Канта знали в России, переводили на русский язык, выбрали в русские академики. Ученик Фихте И. Б. Шад несколько лет служил профессором в Харькове. Но ни Канту, ни Фихте, а именно Шеллингу суждено было стать властителем русских дум философских и вплоть до конца века значительным образом влиять на развитие русского философствования. Шеллинг значил для России больше, чем для Германии.

Случай с Шеллингом не уникален. Есть еще один разительный пример того, как немецкий мыслитель, притом не сделавший погоды на родной земле, смог вызвать умственную бурю за границей. Чем Шеллинг был для России, тем стал для Испании его современник Карл Фридрих Краузе. Большинство испаноязычных мыслителей конца прошлого и начала нынешнего столетия считали себя краузистами.

Русское шеллингианство — философское направление, не повторявшее Шеллинга, а интерпретировавшее его. Одним из первых, кто принес в Российскую империю благую весть о новой звезде, засиявшей на философском небосклоне, был врач Д. М. Велланский. После окончания Медико-хирургической академии в Петербурге его послали для пополнения образования в Германию, он слушал Шеллинга в Иене, последовал за ним в Вюрцбург и, как передают, был замечен и отмечен молодым профессором (моложе своего русского студента на год). Вернувшись домой, Велланский стал адептом натурфилософии и трансцендентального идеализма. Позднее по его стопам пошел другой известный русский медик, М. Г. Павлов… — университетский профессор в Москве.

Лицейский учитель Пушкина филолог и философ А. И. Галич — «друг мудрости прямой»; он тоже завершал образование в Германии, есть сведения, что встречался с Шеллингом, и доподлинно известно, что в лекциях своих и сочинениях излагал его учение. К началу войны с Наполеоном философией тождества в России увлекались не только отдельные ученые мужи, но и образованная молодежь.

Любопытное свидетельство на этот счет мы находим в переписке декабриста Г. С. Батенькова, который в 1847 году сообщал П. В. Киреевскому следующие подробности о своей юности: «Еще во время утомительных походов французской войны нас трое — Елагин (будущий отчим братьев Киреевских. — А. Г.), я и некто Паскевич — вздумали пересадить Шеллинга на русскую почву, и в юношеских умах наших идеи его слились с нашим товарищеским юмором. Мы стали изъясняться в новых отвлечениях легко и приятно. Целые переходы окружал нас конвой слушателей, и целые корпуса со всеми штабами называли нас галиматейными философами». В 1812 году Батеньков был выпущен из корпуса артиллерийским офицером, было ему тогда девятнадцать лет.

В 20-е годы рассадником шеллингианства стало московское «Общество любомудрия». Собирались у председателя В. Ф. Одоевского, служившего в архиве министерства иностранных дел. Там же служил Д. В. Веневитинов, секретарь общества, и уже знакомый нам юный И. В. Киреевский. «Архивные юноши» прекратили свои встречи после выступления декабристов. Все бумаги общества были уничтожены.

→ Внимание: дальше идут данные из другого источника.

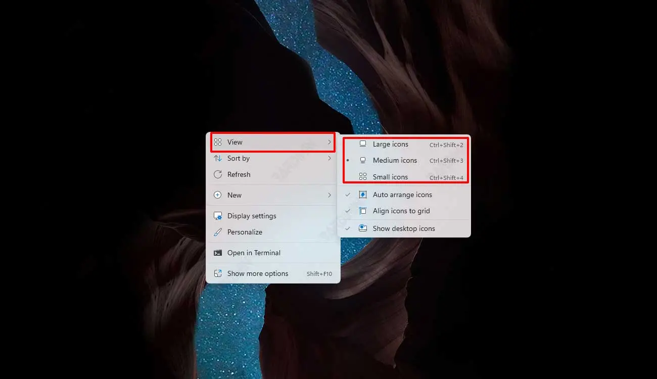 - Klicken Sie mit der rechten Maustaste auf den freien Speicherplatzauf dem Desktop und wählen Sie “View” aus.

Но сохранился журнал «Мнемозина», рупор идей кружка, который ставил перед собой задачу переориентировать русскую философскую мысль с Франции на Германию. И добился успеха: «Мнемозина» заставила «толковать о Шеллинге», с удовлетворением отмечали ее редакторы. О том, что Шеллинг прочно вошел в интеллектуальную жизнь России, свидетельствует замечательный философский роман В. Одоевского «Русские ночи» — жемчужина нашей размышляющей прозы.

Есть явная перекличка между «Русскими ночами» в «Ночными бдениями» Бонавентуры. Прежде всего в заглавии. Также и в жанре. То и другое называется «роман», но представляет собой цикл новелл, лишенных любовной интриги и единого сюжета, объединенных лишь общей философской идеей, критическим пафосом но отношению к духовной ситуации эпохи, заботой о судьбе человека и верой в исцеляющую силу любви. Роман Шеллинга разделен на шестнадцать «ночных бдений», у Одоевского — девять «ночей».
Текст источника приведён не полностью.